SOME 13 YEARS AGO, the Daily News alerted state Sen. Anthony Williams that he hadn't actually graduated from college, despite assertions on his official state Senate website.

SOME 13 YEARS AGO, the Daily News alerted state Sen. Anthony Williams that he hadn't actually graduated from college, despite assertions on his official state Senate website.

Wednesday, the Daily News again helped jog the senator's memory about his educational background, informing Williams of an error on his mayoral campaign website.

In fact, Williams didn't graduate from Franklin & Marshall College and then go into business and then into politics, as stated on his website, anthonyhwilliams.com.

When asked about the wording of the bio, Williams' campaign spokesman, Albert Butler, said, "It's a simple oversight and it can be easily corrected."

And so it was. By midday Wednesday, the language on the "Anthony Hardy Williams for Mayor" website was changed to accurately reflect the timeline of his education and career.

Let's review.

"He left school, he went into the workforce. He later found out through [the Daily News] article 13 years ago that he did not actually officially graduate. So he went to school and got the credit he needed to graduate," Butler explained.

To Williams' credit, he went back to Franklin & Marshall and in 2003 finished the economics degree he had started in 1975.

"We want to be as forthright with that as possible. As far as we're concerned, it is public record that the senator officially graduated in 2003 after you found out about the error and he physically sat in a classroom and got the credit that he needed in order to graduate," Butler said. "We are not running from that or trying to hide that."

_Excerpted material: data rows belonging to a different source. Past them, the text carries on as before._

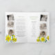 Funeral program order of service double-sided floral spring yellow daffodil botanical watercolor art funeral program. Simply replace the sample text and instant style white framed photo holders and the soft photo frame on the front with your own special photos and information details. Original hand watercolor painting botanical art yellow daffodils and design by Sarah Trett for www.mylittleeden.com (the photos are just placeholder images for you to replace with your own).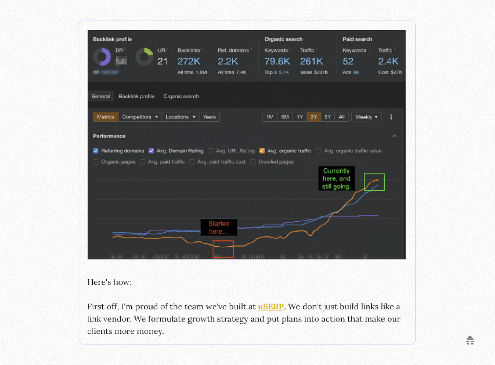 However, running a successful newsletter while managing a thriving agency is no small feat (uSERP is a 50-person SEO agency).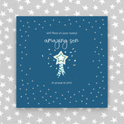 Well Done on your exams amazing Son Greeting Card. Finished with foiled dots and hand-embellished. Supplied with a luxury envelope.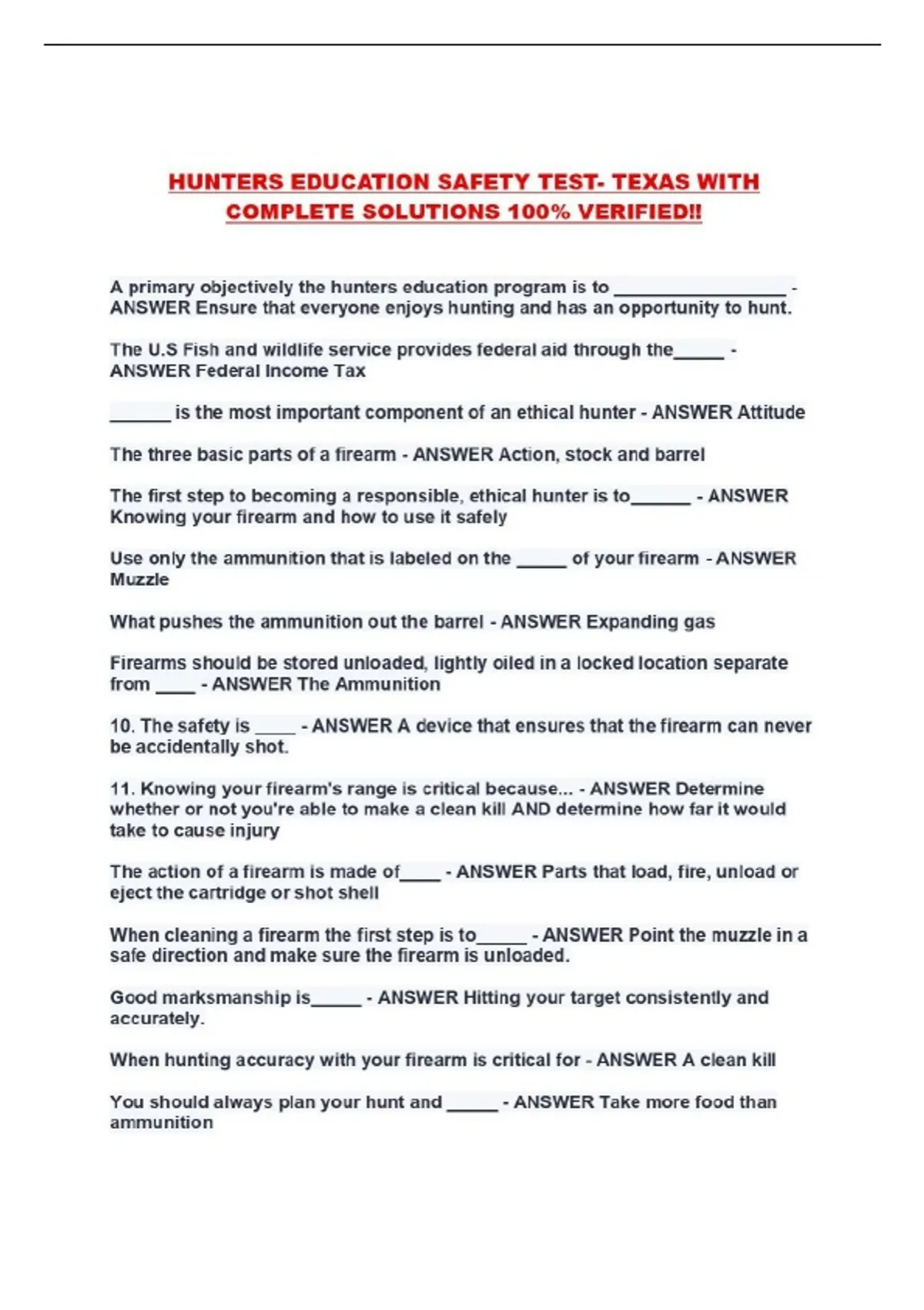HUNTERS EDUCATION SAFETY TEST- TEXAS WITH COMPLETE SOLUTIONS 100% VERIFIED!!...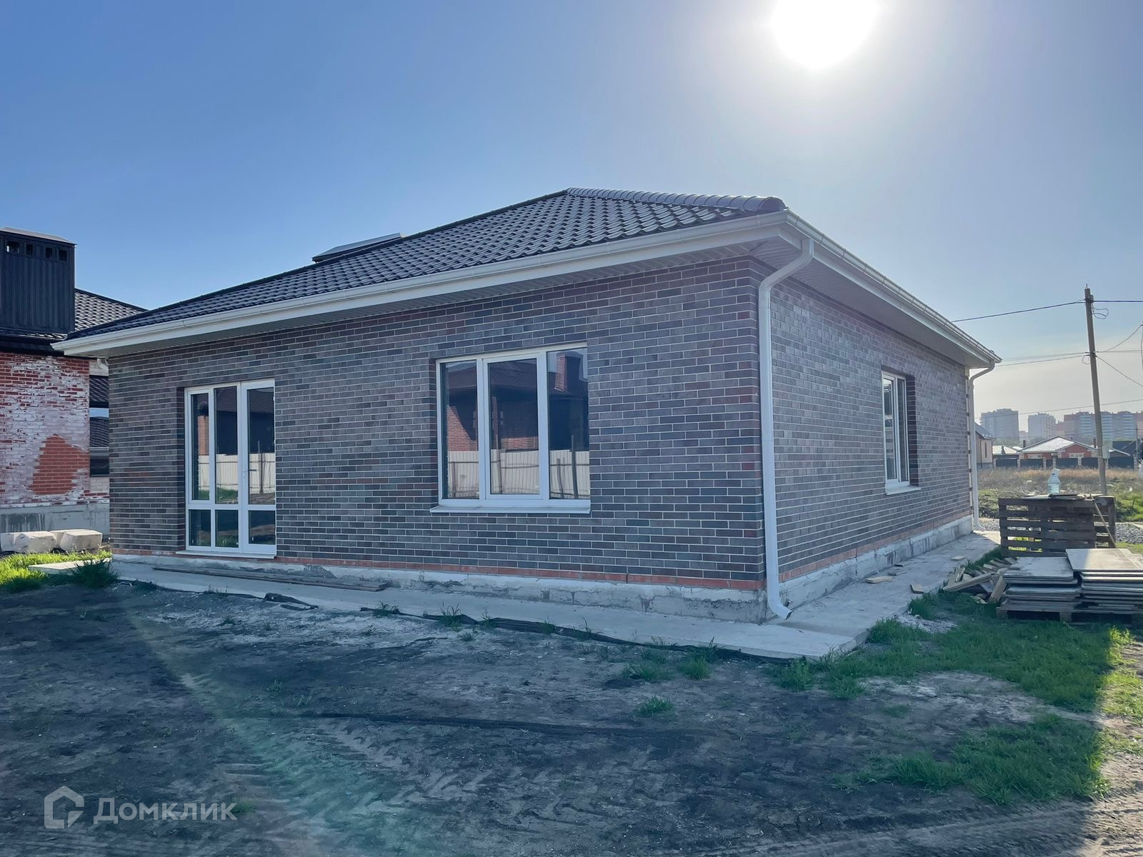 Дом полностью кирпичный, отмостка по периметру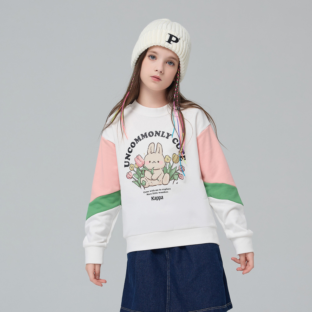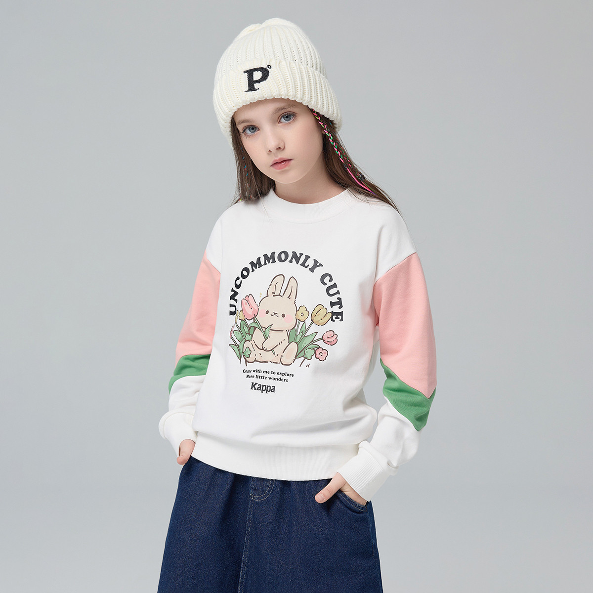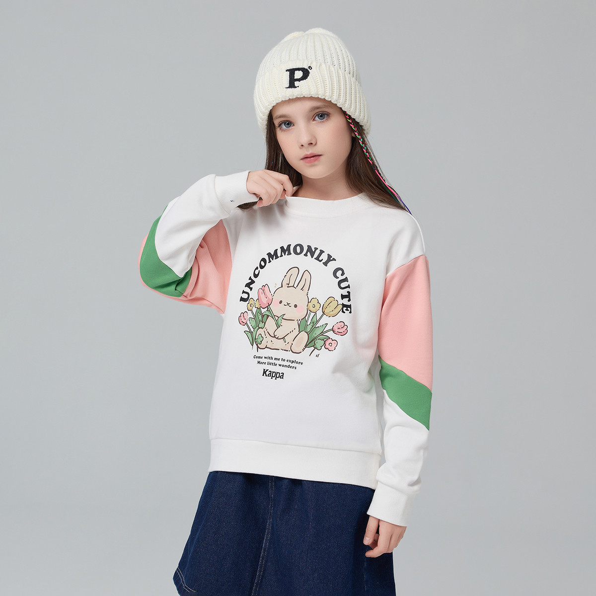 【清仓】kappa女童卫衣春秋2025新款中大童圆领百搭上衣儿童打底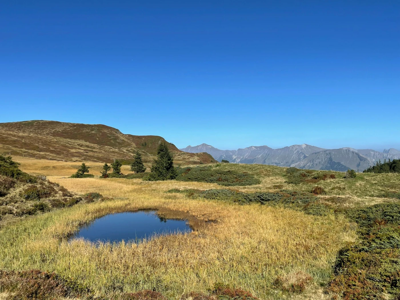 Besonders im Herbst mit seiner Farbenpracht ein Erlebnis der besonderen Art. Wenn sich diese farbenprächtige Pflanzenvielfalt und die Berge in den Pfützen und dem Seelein spiegeln – einfach überwältigend! Die Aussicht hoch über dem Haslital bis weit in die Zentralschweiz ist wunderschön.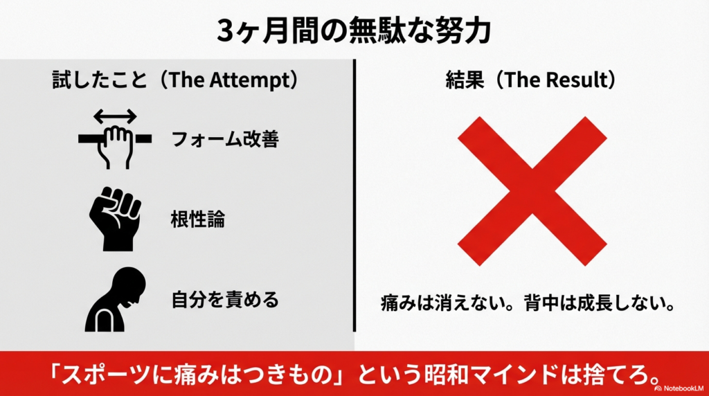 今、背中の日が来るたびにグリップの痛みと格闘してるなら、それはもうやめにせえ。その痛みに使っとるエネルギーを、全部広背筋にぶつけろ。

The now-fixed misrepresentation on his campaign bio site was inadvertently repeated on the Committee of Seventy website, which contains bios of all the candidates.

After speaking Tuesday with David Thornburgh, president and CEO of the government-watchdog group, Williams' bio was quickly corrected on the Seventy website.

Thornburgh said that a Committee of Seventy staffer who put together Williams' bio had gleaned the information from Williams' own websites. Thornburgh said the original language on Williams' campaign site didn't "appear to be truthful."

Thornburgh, who co-founded Graduate! Philadelphia, a nonprofit with a mission to "increase the number of adults completing college" in the city, said Williams should want to tout the fact that he went back and finished his degree.

"He could say, 'Hey, I was determined to graduate and I did.' People love a comeback story," Thornburgh said.

The Daily News reported on Williams' misstatements about his education background in March 2002, three months after the state took over the School District of Philadelphia - a move the education-conscious Williams supported.

At that time, his Senate webpage said he'd gotten a "B.S., in Economics 1979" from Franklin & Marshall College.